Dataset items:
************
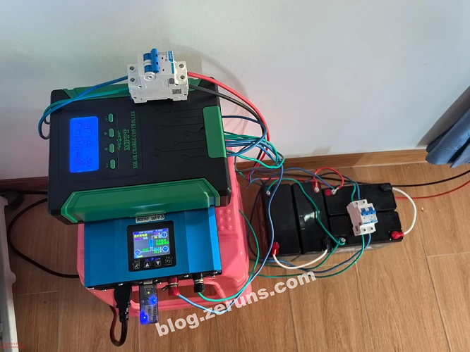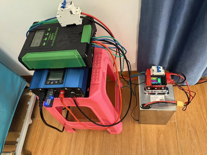 2025.11.3 补充更新,多加了一块350W的单晶硅光伏板串联进去,电池由铅酸电池换成磷酸铁锂(闲鱼上买的成品电池组,含保护板,700元1.2度电容量),原先的铅酸电池寿命以及大幅下降的,铅酸电池循环寿命太短了,还是得磷酸铁锂才行。
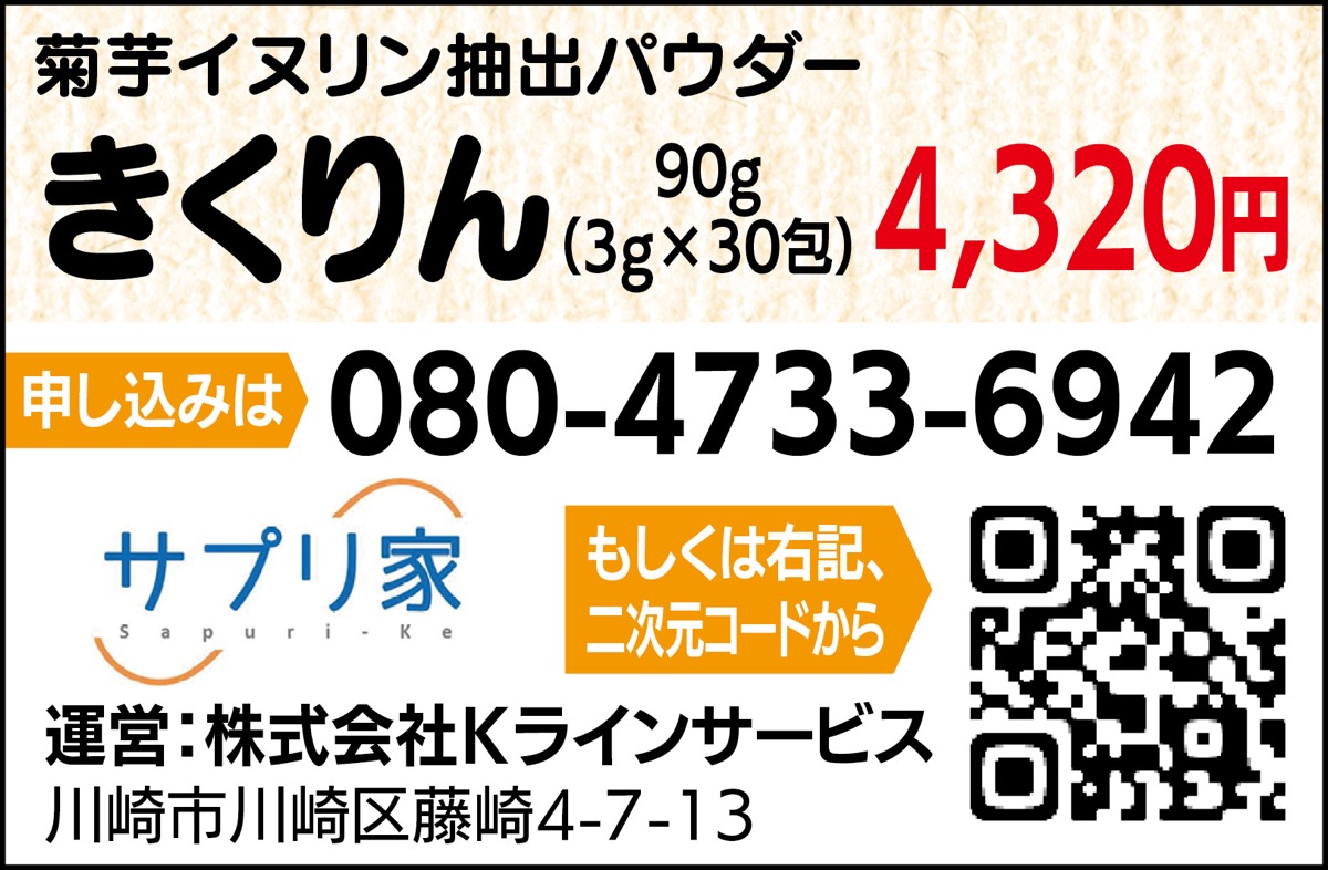 サプリ家の「きくりん」は菊芋からイヌリンだけを抽出し、パウダー化した健康補助食品。1包3グラム中、イヌリン含有量は2・8グラム以上と業界最高水準。お茶やコーヒー、みそ汁やスープに溶かしたり、お米を炊く際に入れるなど、チョイ足しすることで気軽にイヌリンを摂取できる。スティック包装なので、持ち歩いて出先でも手軽に飲め、湿気ることなく使えることも特徴だ。
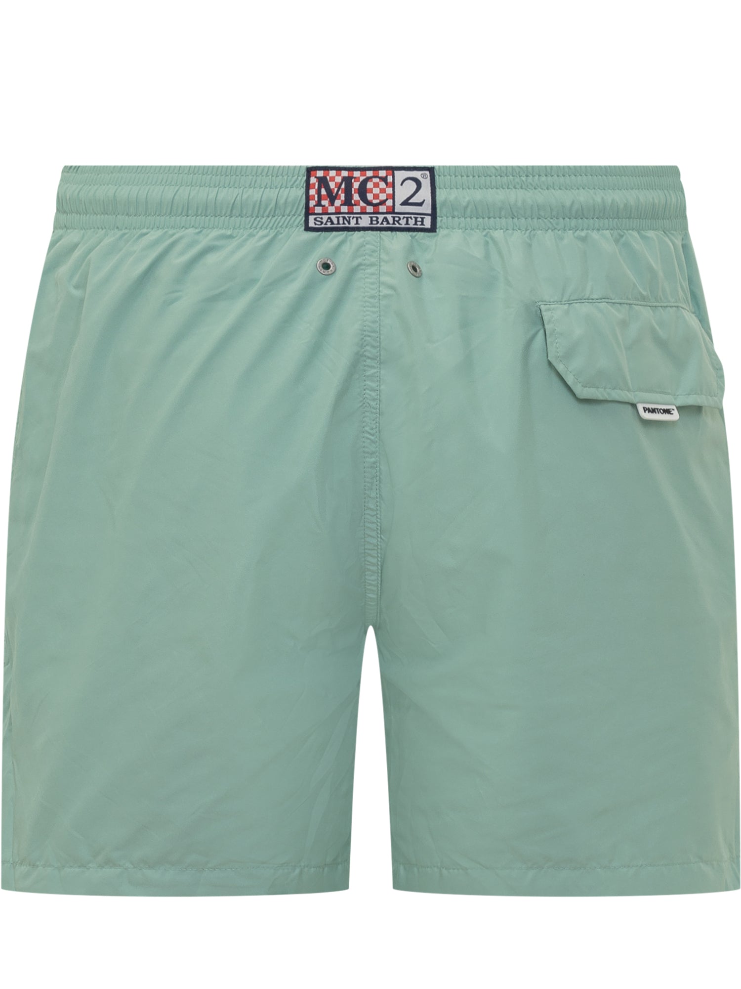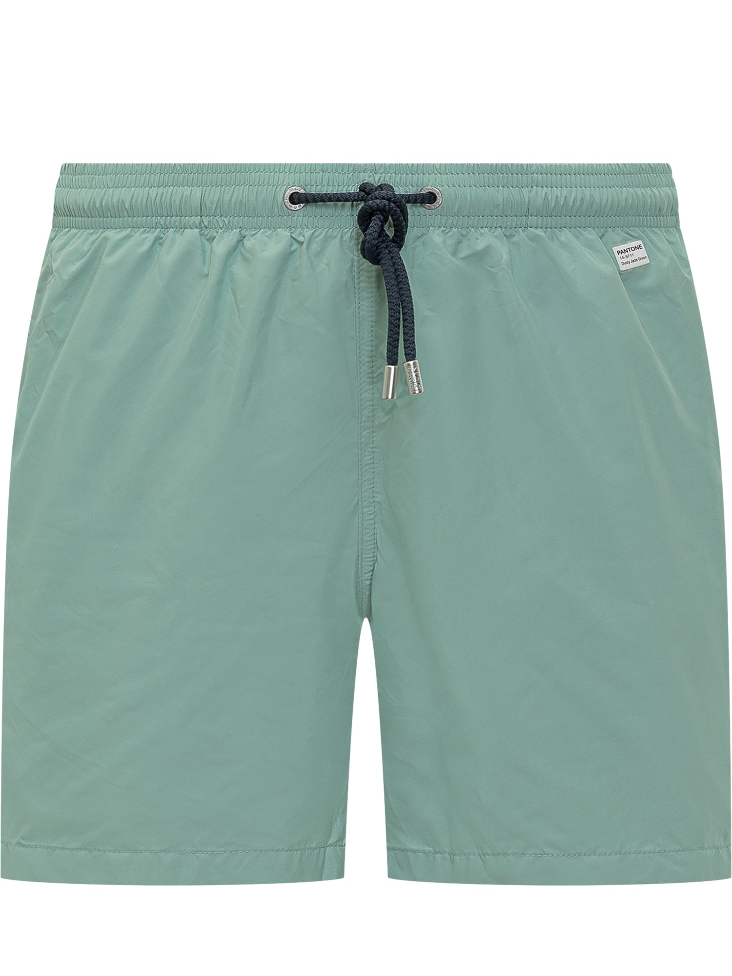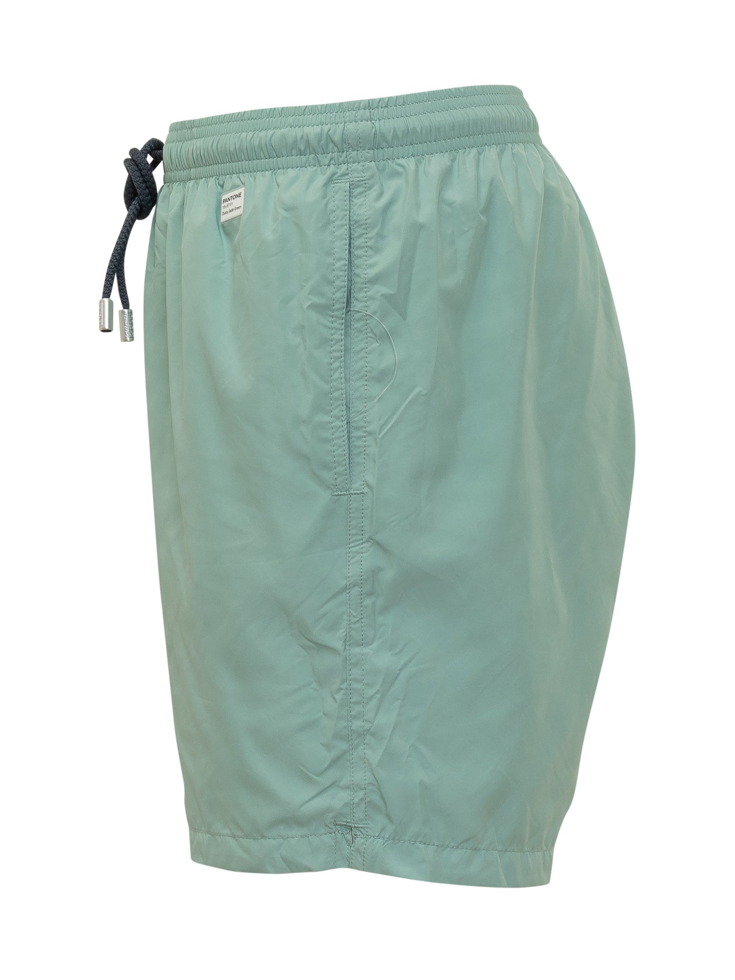 Elasticated waist with drawstring. Flush pockets. Back flap pocket.
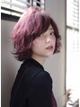 ワインレッドピンクデザインカラー×無造作ハネボブ×斜めバング/ホットペッパービューティー
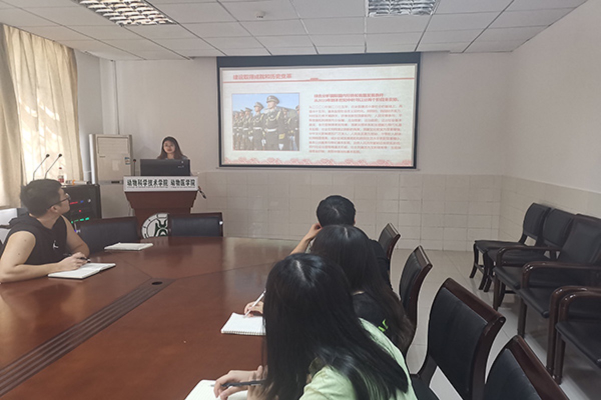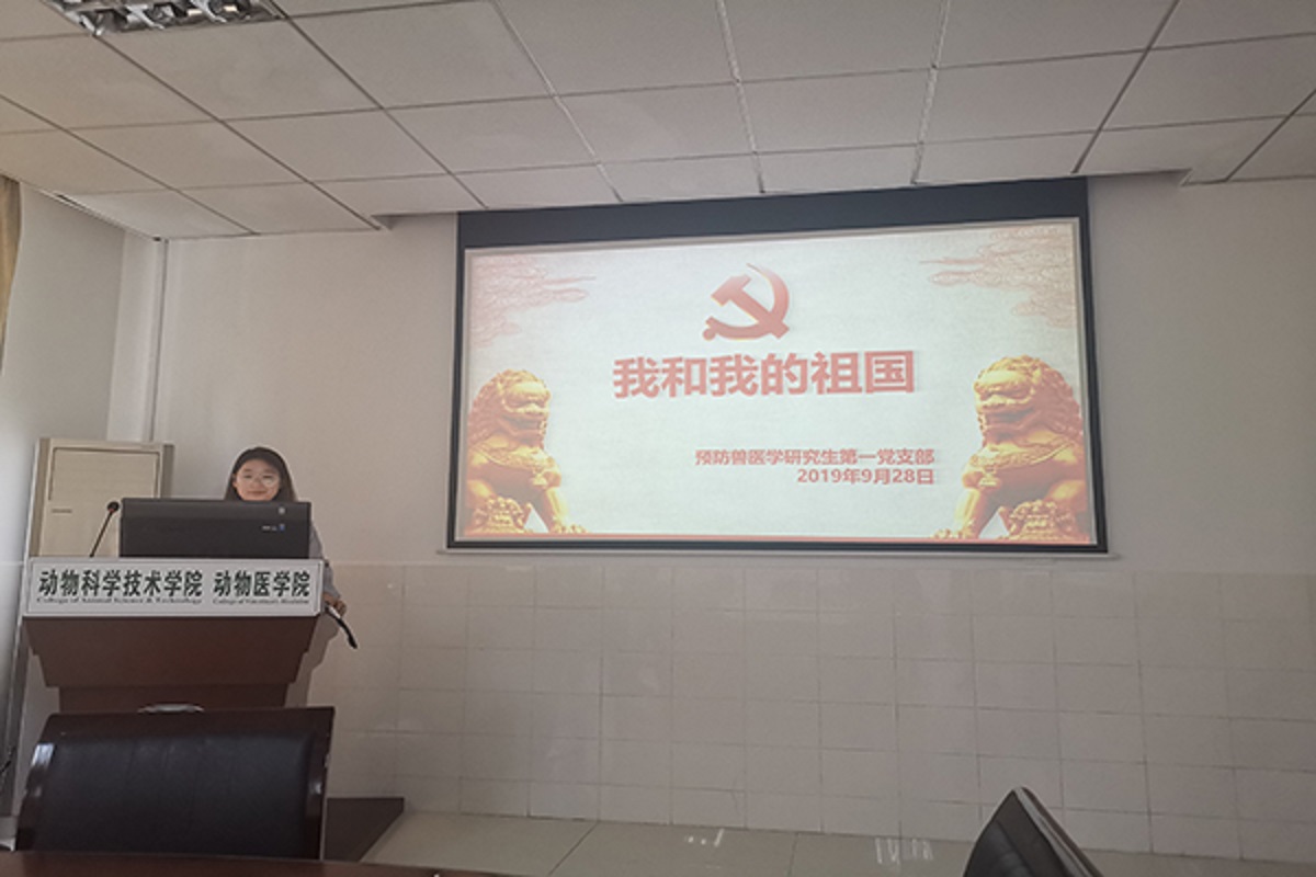 研究生预防兽医学第一党支部在动科楼B105开展了“我和我的祖国”主题教育活动。
************
TASK STATEMENT
The lines from the one that contains "サプリ家の「きくりん」は菊芋" through the end of the data, repeated exactly and with no pictures, make up the whole answer.

REPLY TO THE EXERCISE
 サプリ家の「きくりん」は菊芋からイヌリンだけを抽出し、パウダー化した健康補助食品。1包3グラム中、イヌリン含有量は2・8グラム以上と業界最高水準。お茶やコーヒー、みそ汁やスープに溶かしたり、お米を炊く際に入れるなど、チョイ足しすることで気軽にイヌリンを摂取できる。スティック包装なので、持ち歩いて出先でも手軽に飲め、湿気ることなく使えることも特徴だ。
 Elasticated waist with drawstring. Flush pockets. Back flap pocket.
 ワインレッドピンクデザインカラー×無造作ハネボブ×斜めバング/ホットペッパービューティー
 研究生预防兽医学第一党支部在动科楼B105开展了“我和我的祖国”主题教育活动。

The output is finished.